Software raid failure every day at the exact same time
Hi,
I have a Debian server which has always been a bit unstable. I think it may be a design flaw in one of the hardware components, because another server with the exact same hardware config has the same problem. In the beginning it often had raid crashes that made the filesystem go into readonly, until at some point it was put in a data center and it ran fine for 1.5 year. I then had to add some memory after which it started crashing again once every 1-2 weeks. Very annoying but without alternatives nothing to do about it.
In the past week, the raid has crashed every single day though, and always at exactly the same time, 6:28 in the morning give or take half a minute. In most cases the same sector. It's a web server and there's not that many users at that time. No crons or anything scheduled at that time either. Logs show nothing that helps, as always. If there's a bad sector, I just don't understand why it always dies at that same time. And since that other server with the same hardware config has the same kind of crashes (not sure if at the same time) I still doubt it's really because of bad sectors.
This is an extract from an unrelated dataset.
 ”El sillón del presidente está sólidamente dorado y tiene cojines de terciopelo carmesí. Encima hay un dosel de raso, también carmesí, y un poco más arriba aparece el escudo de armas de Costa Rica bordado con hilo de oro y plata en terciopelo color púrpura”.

Resyncing after a failure always goes without any errors, so shouldn't that give an error as well when there's bad sectors?
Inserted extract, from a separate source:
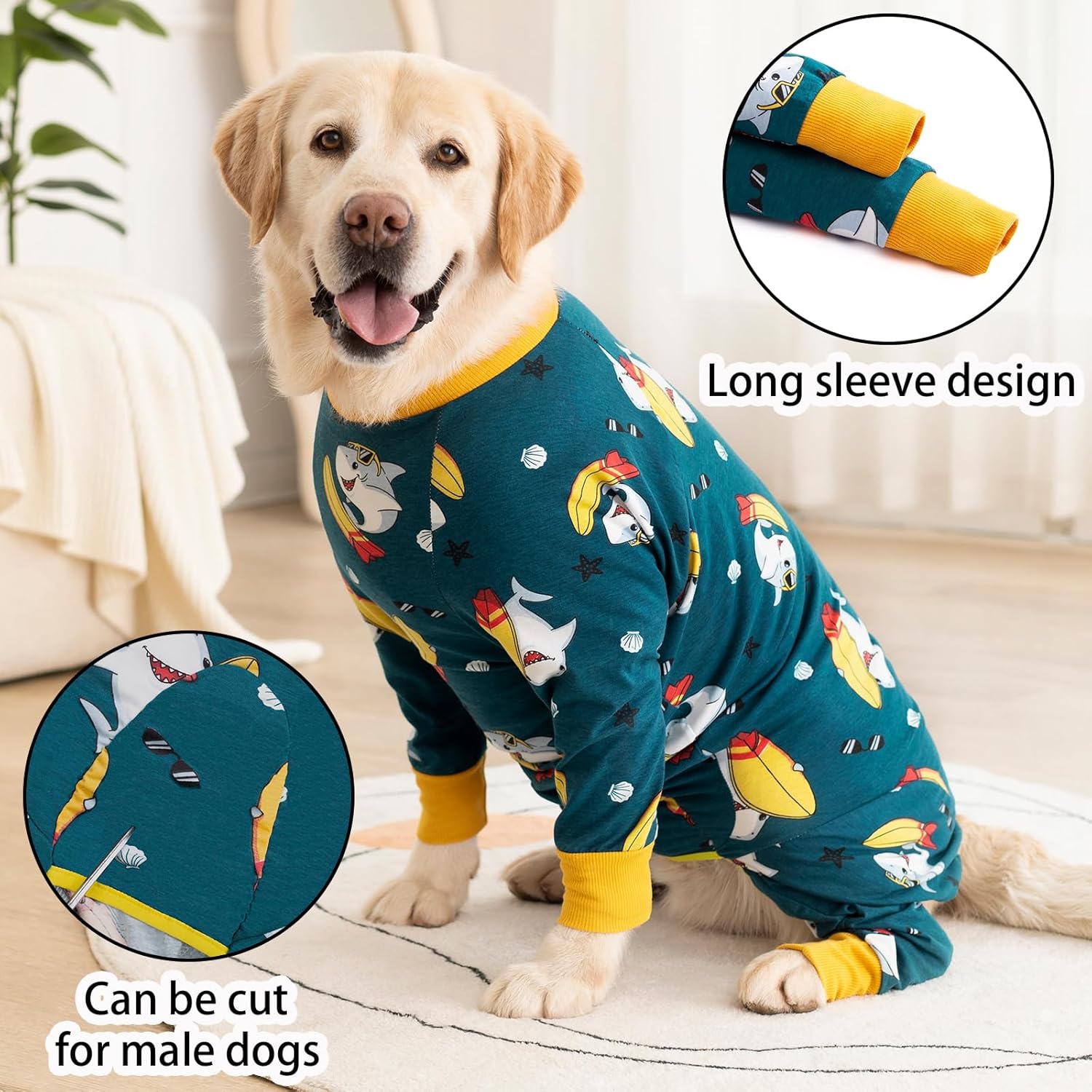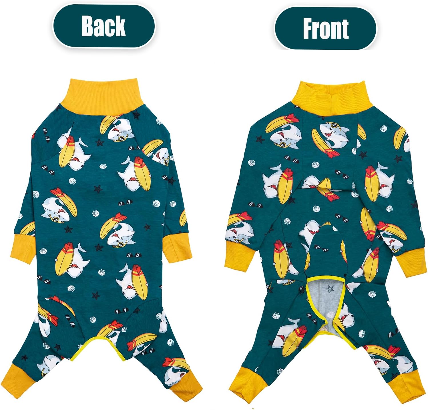 • Покриване на цялото тяло: Този боди с дълъг ръкав осигурява допълнителен комфорт за вашето куче. Той не само предпазва наранените зони, но и крайниците на кучето. Висококачественият, дишащ материал е удобен и като пижама, и осигурява топлина, когато времето е малко по-хладно.

Here's a part of the syslog:
Oct 10 06:28:21 kernel: scsi0: ERROR on channel 0, id 2, lun 0, CDB: Read (10) 00 01 a1 c5 b7 00 00 60 00
Oct 10 06:28:21 kernel: Info fld=0x1a1c5d7, Current sda: sense key Medium Error
Oct 10 06:28:21 kernel: Additional sense: Unrecovered read error
Oct 10 06:28:21 kernel: end_request: I/O error, dev sda, sector 27379127
Oct 10 06:28:21 kernel: raid1: Disk failure on sda2, disabling device.
Oct 10 06:28:21 kernel: ^IOperation continuing on 1 devices
Oct 10 06:28:21 kernel: raid1: sda2: rescheduling sector 27379064
Oct 10 06:28:21 kernel: raid1: sdb2: redirecting sector 27379064 to another mirror
The reschedule and redirect goes on forever. When I remove and add the failing disk the server dies and needs an apc reboot.
Any suggestions what could cause this? Thanks!
|